Blog Post

Young Women Impacted Most by Record High STDs

Commentary by Susan Brinkmann, OCDS

More than two million cases of chlamydia, gonorrhea and syphilis were reported in the United States in 2016, the highest number ever, according to the annual Sexually Transmitted Disease Surveillance Report released by the Centers for Disease Control and Prevention (CDC) – with young women bearing the brunt of these infections.

According to the CDC, the majority of these new diagnoses (1.6 million) were cases of chlamydia. However, equally concerning were 470,000 gonorrhea cases and almost 28,000 cases of primary and secondary syphilis which are the most infectious stages of the disease.

While all three of these STDs can be cured with antibiotics, if left undiagnosed and untreated, they can have serious health consequences, including infertility, life-threatening ectopic pregnancy, stillbirth in infants, and increased risk for HIV transmission.

“Increases in STDs are a clear warning of a growing threat,” said Dr. Jonathan Mermin, director of CDC’s National Center for HIV/AIDS, Viral Hepatitis, STD, and TB Prevention. “STDs are a persistent enemy, growing in number, and outpacing our ability to respond.”

Young women continue to bear the greatest burden of chlamydia (nearly half of all diagnosed infections) with surges in syphilis and gonorrhea increasingly affecting new populations.


Syphilis rates increased by nearly 18 percent overall from 2015 to 2016. The majority of these cases occur among men – especially gay, bisexual and other men who have sex with men (MSM) – however, there was a 36 percent increase in rates of syphilis among women, and a 28 percent increase in syphilis among newborns (congenital syphilis) during this period.

More than 600 cases of congenital syphilis were reported in 2016, which has resulted in more than 40 deaths and severe health complications among newborns. The disease is preventable through routine screening and timely treatment for syphilis among pregnant women.

“Every baby born with syphilis represents a tragic systems failure,” said Gail Bolan, director of CDC’s Division of STD Prevention. “All it takes is a simple STD test and antibiotic treatment to prevent this enormous heartache and help assure a healthy start for the next generation of Americans.”

While gonorrhea increased among men and women in 2016, the steepest increases were seen among men (22 percent). Research suggests that a large share of new gonorrhea cases are occurring among MSM. These trends are particularly alarming in light of the growing threat of drug resistance to the last remaining recommended gonorrhea treatment.


MSM also bear a great syphilis burden. MSM make up a majority of syphilis cases, and half of MSM diagnosed with syphilis were also living with HIV – pointing to the need to integrate STD and HIV prevention and care services.

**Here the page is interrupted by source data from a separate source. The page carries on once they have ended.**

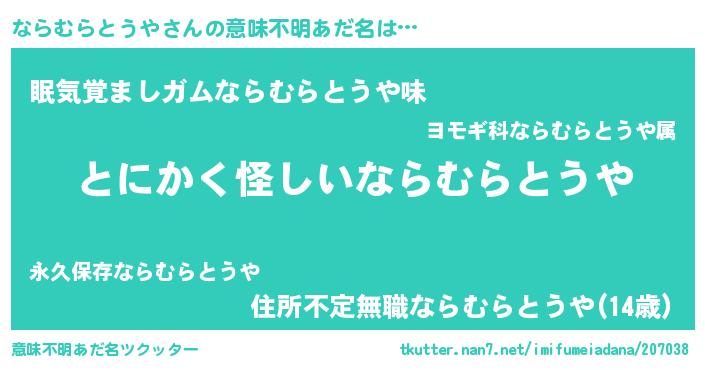 男性向けラノベタイトル風あだ名 | 『ならむらとうやに滅ぼされるだけの簡単なお仕事です』 |
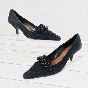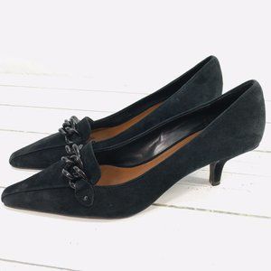 Etienne Aigner Size 6 M Black Suede Pointy Toe Heels E-Michelle Chain
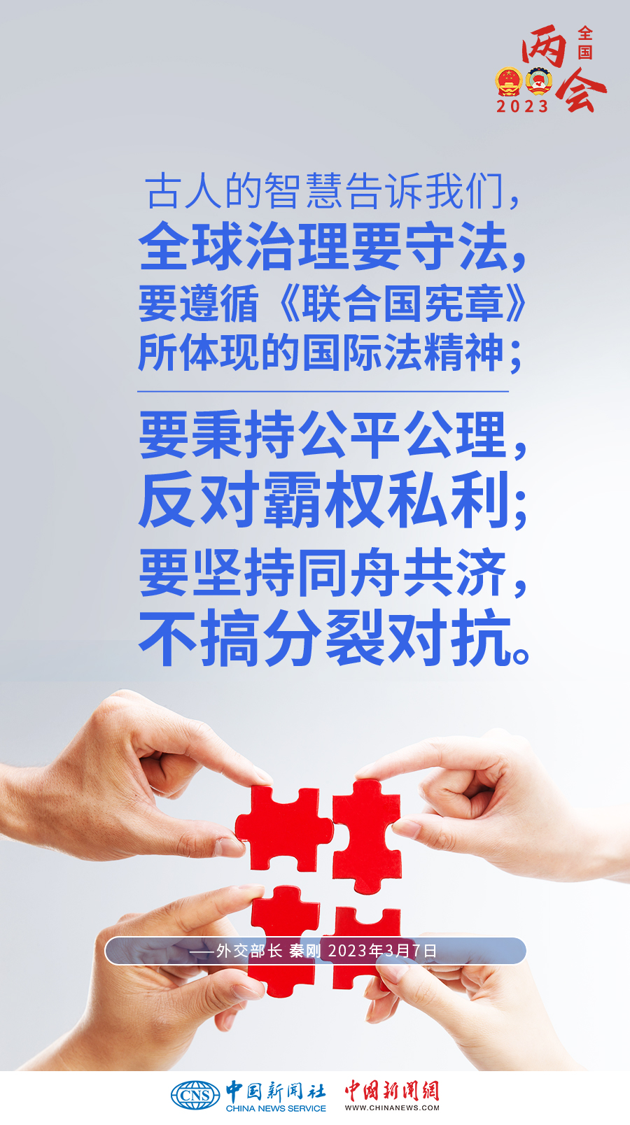 秦剛:古人的智慧告訴我們(men) ,全球治理要守法,要遵循《聯合國憲章》所體(ti) 現的國際法精神;要秉持公平公理,反對霸權私利;要堅持同舟共濟,不搞分裂對抗。
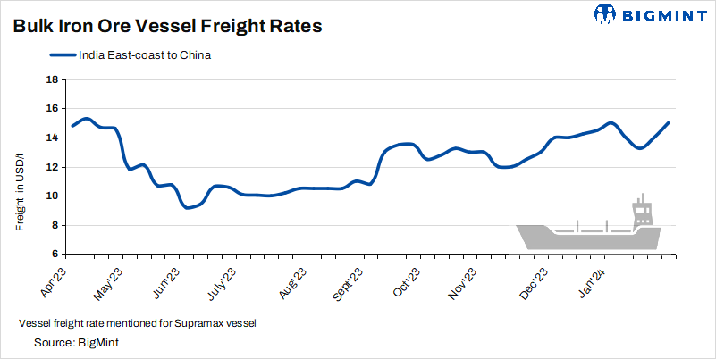 Asia-Pacific Supramax dry bulk (cargo capacity 50,000-55,000 t) freight rates for an iron ore-loaded vessel from the east coast of India to China was recorded at $15/tonnes (t) on 31 January, 2024, recording an increase of around $1/t w-o-w, according to BigMint’s assessment.
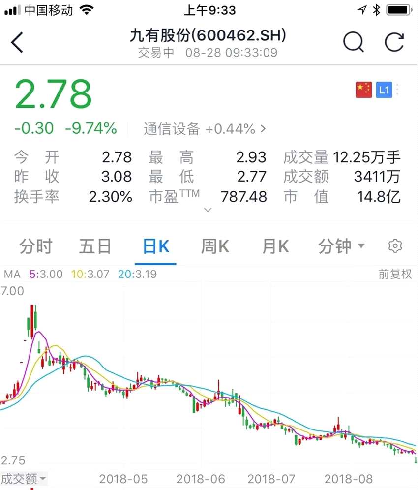 自春曉資本入主以來,九有股份的股價也伴隨大市情況一路走低,目前最新價2.8元左右,相比于2017年9月的階段性最高點6.59元/股大幅下跌。
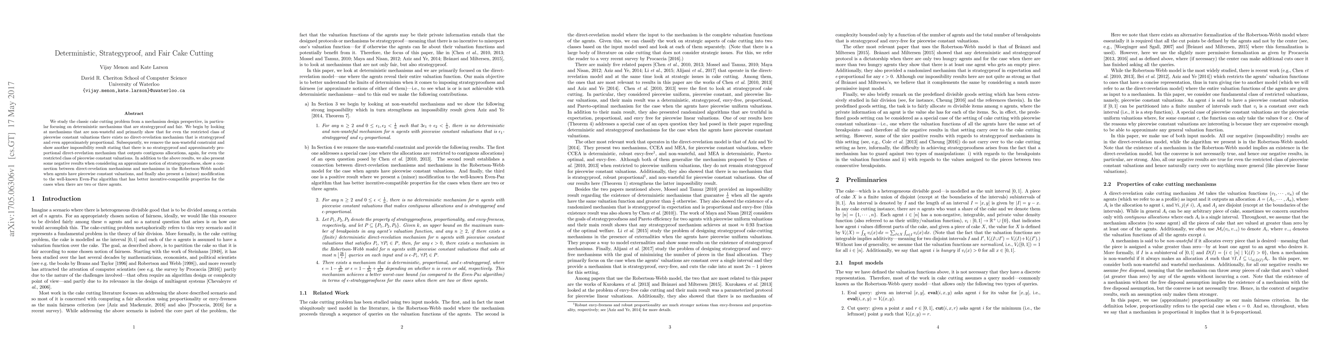 We study the classic cake cutting problem from a mechanism design perspective, in particular focusing on deterministic mechanisms that are strategyproof and fair. We begin by looking at mechanisms that are non-wasteful and primarily show that for even the restricted class of piecewise constant valuations there exists no direct-revelation mechanism that is strategyproof and even approximately proportional. Subsequently, we remove the non-wasteful constraint and show another impossibility result stating that there is no strategyproof and approximately proportional direct-revelation mechanism that outputs contiguous allocations, again, for even the restricted class of piecewise constant valuations. In addition to the above results, we also present some negative results when considering an approximate notion of strategyproofness, show a connection between direct-revelation mechanisms and mechanisms in the Robertson-Webb model when agents have piecewise constant valuations, and finally also present a (minor) modification to the well-known Even-Paz algorithm that has better incentive-compatible properties for the cases when there are two or three agents.
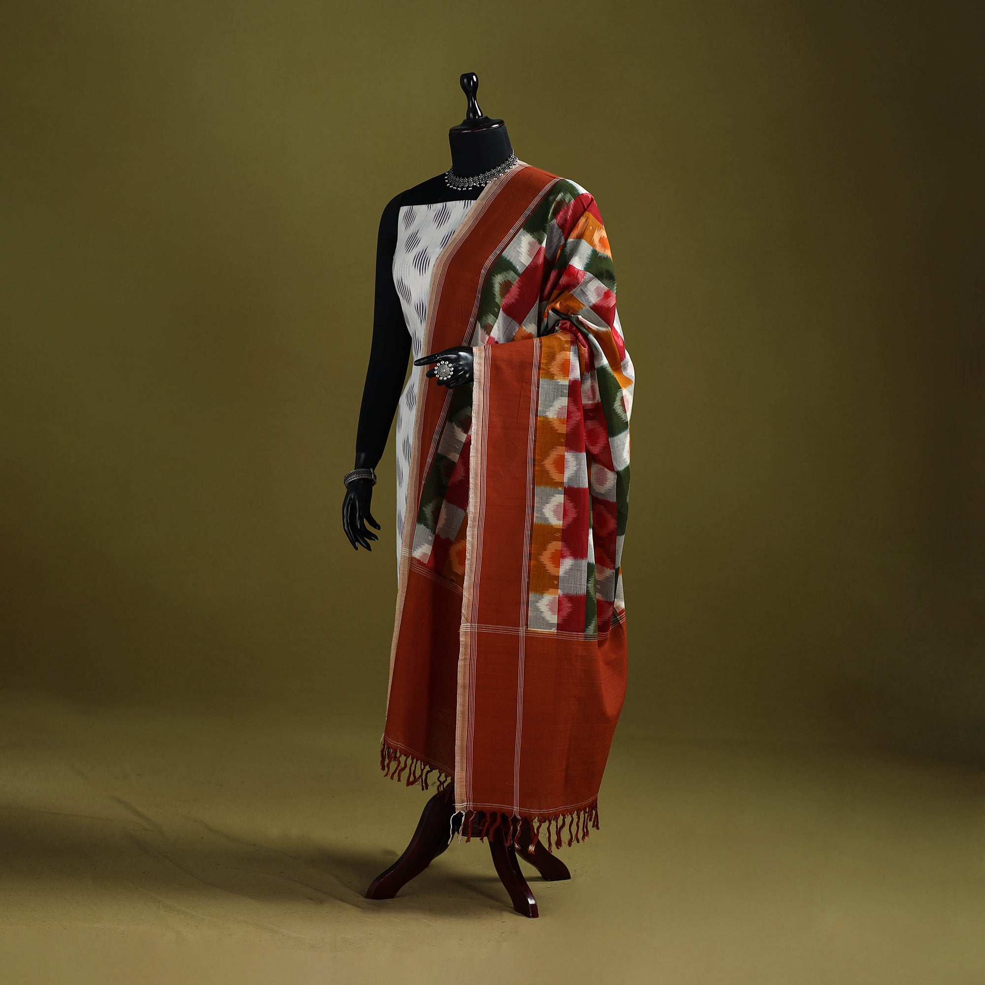 Handloom pochampally ikat mercerised cotton dupatta with tassels, woven by skilled artisans in Telangana. Made using the thousands-of-years-old Ikat resist-dye technique, also known as Ikkat, where the warp and weft yarns are dyed before weaving. Celebrated for its intricate motifs and textured appeal, this dupatta is perfect for occasions, casual outings or adding a touch of elegance to everyday wear.
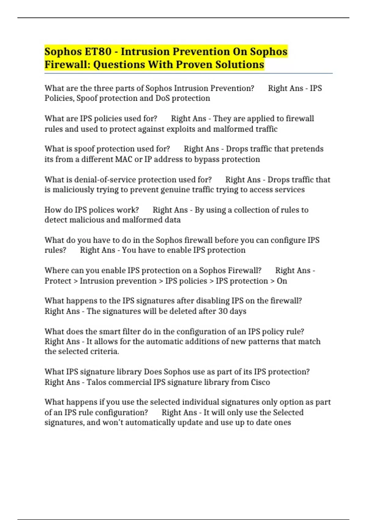 Sophos ET80 - Intrusion Prevention On Sophos Firewall: Questions With Proven Solutions
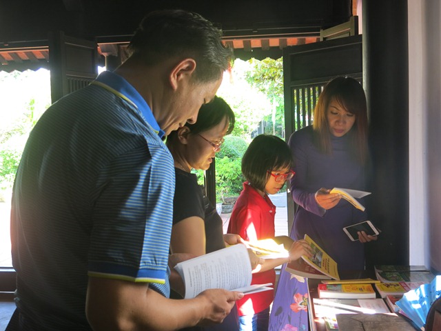 Hai vị khách Hồng Kông tham quan Nhà lưu niệm Chủ tịch Hồ Chí Minh ở 112 Mai Thúc Loan, TP. Huế
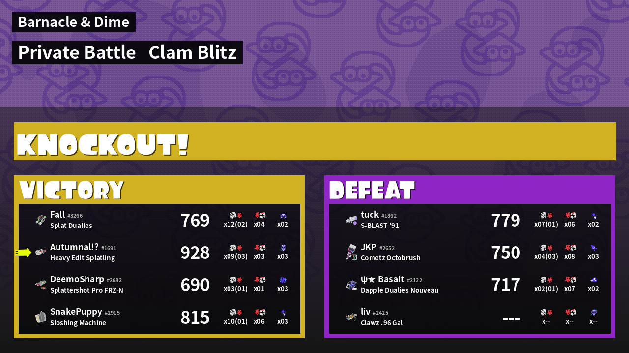 | Medals | #1 Clam Carrier #1 Turf Inker #1 Splat Assister | ||
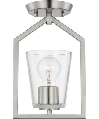 Vertex 1-Light Clear Glass Contemporary Semi-Flush Mount Brushed Nickel
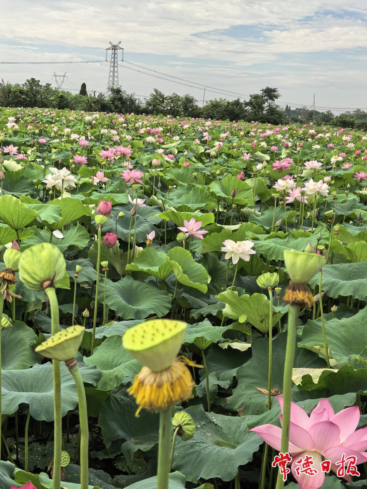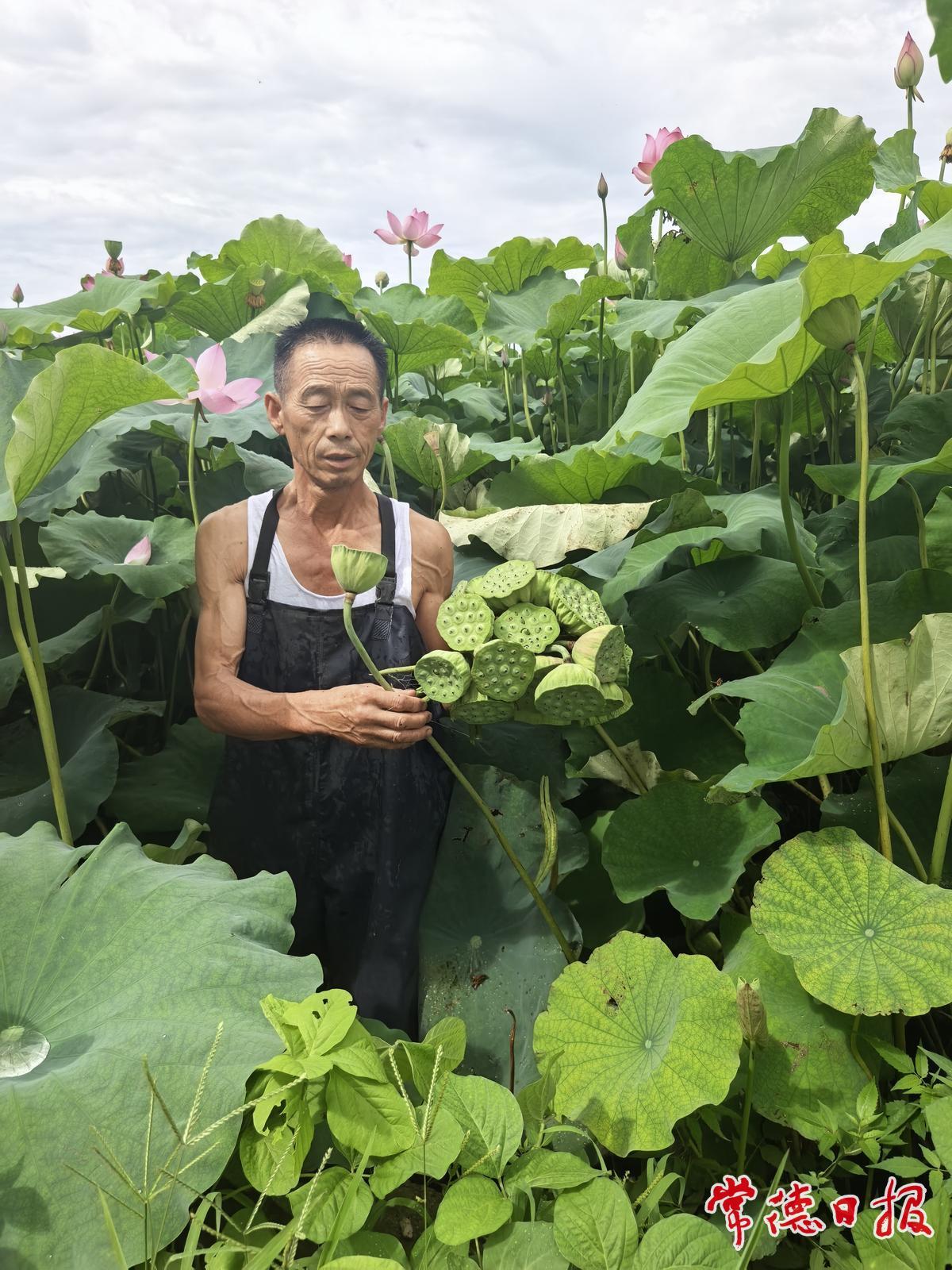6月28日上午,武陵區李白溪村7組村民盧文華電話響起:“老板,可以摘點蓮蓬嗎?”盧文華拿起下水褲快步走到荷田邊,問清楚路人需要多少個蓮蓬后,踏進荷田深處,不到10分鐘,他從荷塘另一邊爬起來,手上拿著一束蓮蓬。蓮蓬以2元/個的價格售出,這一趟他收入50元。
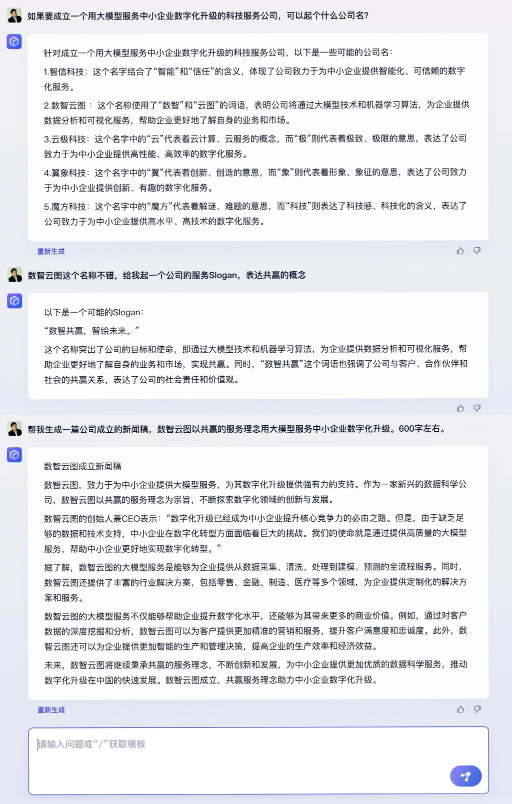 在这一局的PK中,百度文心一言在商业文案创作场景中,顺利完成了给公司起名、写Slogan、写新闻稿的创作任务。

The CDC is recommending increased focus on improving diagnosis and treatment of pregnant women with syphilis in order to avoid contagion to newborns. They are also planning to help state and local health departments develop rapid testing for drug-resistant gonorrhea in order to quickly find and treat affected individuals.

Unfortunately, instead of calling for sexual abstinence until marriage, which is the only sure way to dramatically decrease these appalling numbers, the CDC is continuing to recommend that people use condoms (which are rarely used correctly) or practice mutual monogamy if sexually active. This dooms our youth to not only a lifetime of potential disease, but to the heartache of trying to find love in all the wrong places.

With young women are bearing the brunt of these diseases, it’s important to reinforce the need for girls to live chastely in order to insure both their physical and emotional health.

As we teach in our Young Women of Grace study, “The Church’s call to remain abstinent until marriage isn’t just about avoiding pregnancy or sexually transmitted diseases – it’s about finding real love.”

Studies have found that most teens, both male and female, aspire to marry and raise a family, a dream that should not be stolen from them by secular cultural trends that continue to glorify the very promiscuity that is causing this dangerous epidemic.